XFX is widening its NVIDIA graphics card line-up with the introduction of two "Black labeled" GeForce 9 series cards. Available in limited numbers the G92 products include XFX GeForce 9800 GX2 1.0GB DDR3 Black Edition (PV-T98U-ZHB9) overclocked to 700MHz/1700MHz/2.1GHz core/shader/memory clocks and XFX GeForce 9800 GTX 512MB DDR3 Black Edition (PV-T98F-YDB4) with factory clock speeds of 760MHz/1900MHz/2.28GHz for the core, shaders and memory clock speeds. Both cards will come bundled with Ubisoft's Assassin's Creed game. 



 



*View at TechPowerUp Main Site*


----------



## EviLZeD (Apr 12, 2008)

wow they look very sleek


----------



## Animalpak (Apr 12, 2008)

Black means serious and bad, awesome design !


----------



## PrudentPrincess (Apr 12, 2008)

EviLZeD said:


> wow they look very sleek



That's how XFX sells video cards.


----------



## cdawall (Apr 12, 2008)

they should sell a GX2 with GTX clocks on it  and make a cool name for it


----------



## Solaris17 (Apr 12, 2008)

man playhard indeed


----------



## webwizard (Apr 12, 2008)

Just when you make your mind up to buy the first XFX 9800GTX these come out.


----------



## trt740 (Apr 12, 2008)

malware said:


> XFX is widening its NVIDIA graphics card line-up with the introduction of two "Black labeled" GeForce 9 series cards. Available in limited numbers the G92 products include XFX GeForce 9800 GX2 1.0GB DDR3 Black Edition (PV-T98U-ZHB9) overclocked to 700MHz/1700MHz/2.1GHz core/shader/memory clocks and XFX GeForce 9800 GTX 512MB DDR3 Black Edition (PV-T98F-YDB4) with factory clock speeds of 760MHz/1900MHz/2.28GHz for the core, shaders and memory clock speeds. Both cards will come bundled with Ubisoft's Assassin's Creed game.
> 
> 
> 
> ...



total gimick my 8800gts will surpass those speeds and cost 120.00 less and my card is black. Im taking the saving and buying a better cooler which will let me match a overclocked to the max gtx, and I will still save 50.00 plus have silent cooling (thermalright gt). The gtx is a waste until the gts are all gone.


----------



## newtekie1 (Apr 12, 2008)

Very sleek looking, I like em.  I can't wait for my 9800GTX to come in from my step-up.



trt740 said:


> total gimick my 8800gts will surpass those speeds and cost 120.00 less and my card is black. Im taking the saving and buying a better cooler which will let me match a overclocked to the max gtx, and I will still save 50.00 plus have silent cooling (thermalright gt). The gtx is a waste until the gts are all gone.

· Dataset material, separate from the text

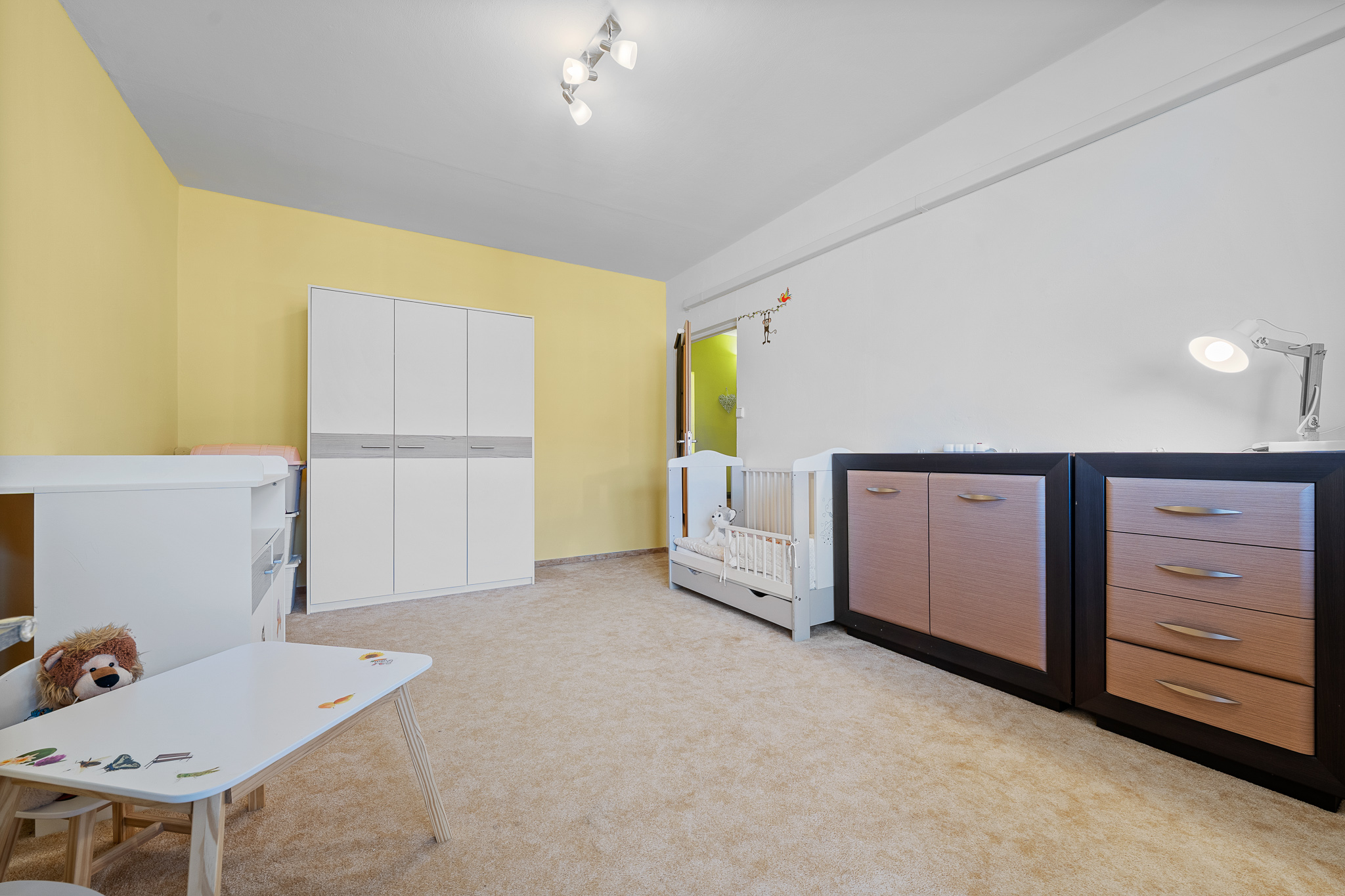 Podlahovou krytinu tvoří v pokoji koberec, v ložnici plovoucí laminátová podlaha, v obyváku a v kuchyni vinyl, v chodbě, v koupelně a na toaletě je dlažba.

Then you are lucky, my 8800GTS 512 won't hit those speeds.  The max stable clocks on mine are 756/1890/2200 without volt-mods.  Since this is clocked higher than those by default it should have headroom for overclocking.


----------



## trt740 (Apr 12, 2008)

newtekie1 said:


> Very sleek looking, I like em.  I can't wait for my 9800GTX to come in from my step-up.
> 
> 
> 
> Then you are lucky, my 8800GTS 512 won't hit those speeds.  The max stable clocks on mine are 756/1890/2200 without volt-mods.  Since this is clocked higher than those by default it should have headroom for overclocking.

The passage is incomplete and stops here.